### TASK DATA

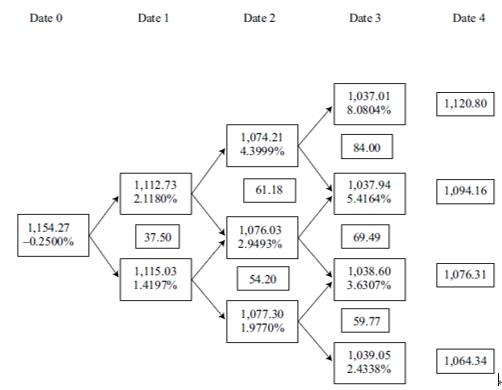 债券4为浮动利率债券,每个利率节点都需要加上quoted margin 4%,利用题干表3信息,计算出假设无违约情况下债券价值,计算结果如下图,所以expected exposures for Dates 1=(0.5 × €1,112.73) + (0.5 × €1,115.03) +37.5=1151.38
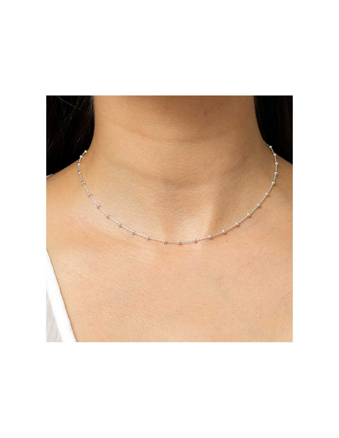 Este collar está elaborado en plata 925 y cuenta con pequeñas esferas de plata unidas en una longitud ajustable de 40cm a 44cm . Añade un toque de sofisticación y estilo a tu look con este collar versátil. Todas nuestras joyas son hipoalergénicas y libres de níquel.
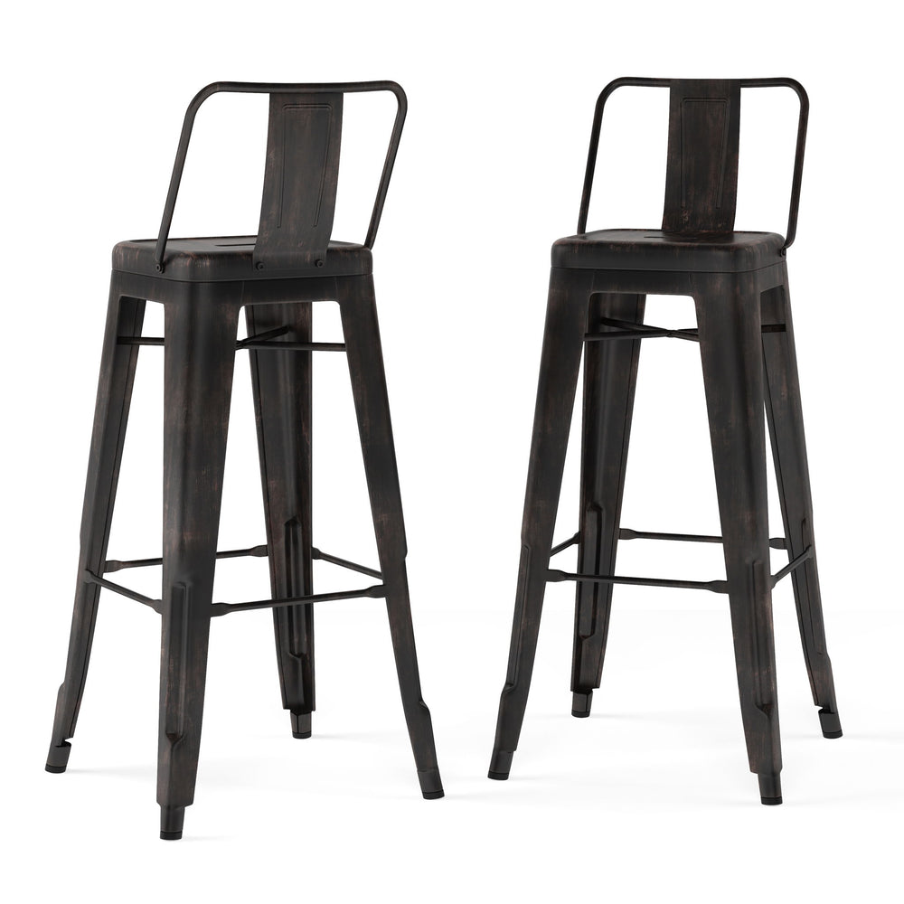 Rayne - Metal Bar Stool (Set of 2) - Distressed Black 17.3"W x 17.3"D x 39.4"H - 11.7 lb
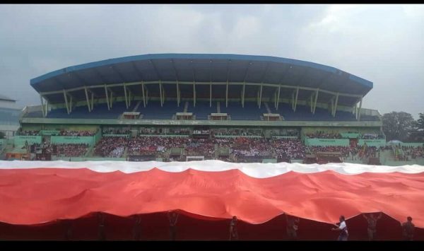 Kota Malang,Memo X – Bendera merah putih raksasa berkibar Pembukaan Liga Santri Piala Kasad Tahun 2022 di buka oleh Komandan Korem 083/Bdj Kolonel Inf Yudhi Prasetiyo, S.I.P. di Stadion Gajahyana Kota Malang, Senin (20/6/2021).
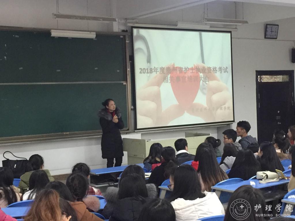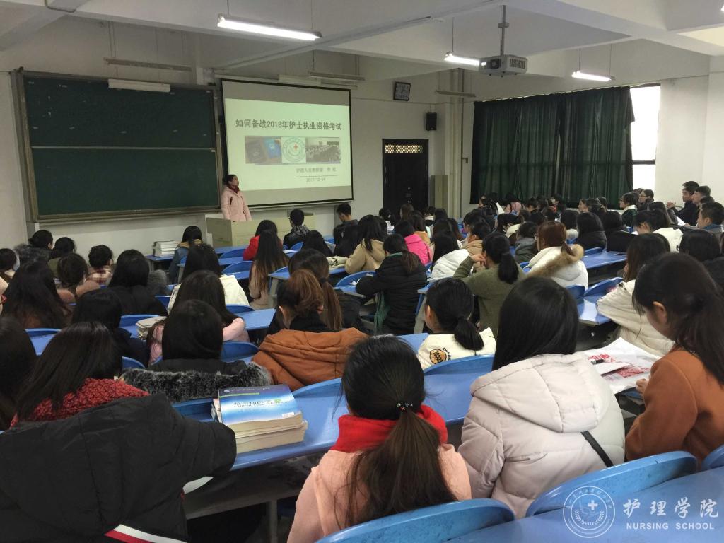 2017年12月14日下午,allwincity万象城官方网站在北校区2402教室召开了“2018年护士执业资格考试培训会”,本次培训会分为“2018护考题型分析”、“护士执业资格考试报名相关事宜培训”和“实习生恳谈会”三个部分,allwincity万象城官方网站副院长刘志燕、生产实习科科长柳忠燕、护理学专业教师李红和2014级全体护理实习生参会,会议由学生科科长曾敏主持。

### TASK STATEMENT
Copy exactly, and only, the lines from the first line of the material through the line that contains "Rayne - Metal", both ends kept; no pictures.

### RESPONSE TO THE TASK
 债券4为浮动利率债券,每个利率节点都需要加上quoted margin 4%,利用题干表3信息,计算出假设无违约情况下债券价值,计算结果如下图,所以expected exposures for Dates 1=(0.5 × €1,112.73) + (0.5 × €1,115.03) +37.5=1151.38
 Este collar está elaborado en plata 925 y cuenta con pequeñas esferas de plata unidas en una longitud ajustable de 40cm a 44cm . Añade un toque de sofisticación y estilo a tu look con este collar versátil. Todas nuestras joyas son hipoalergénicas y libres de níquel.
 Rayne - Metal Bar Stool (Set of 2) - Distressed Black 17.3"W x 17.3"D x 39.4"H - 11.7 lb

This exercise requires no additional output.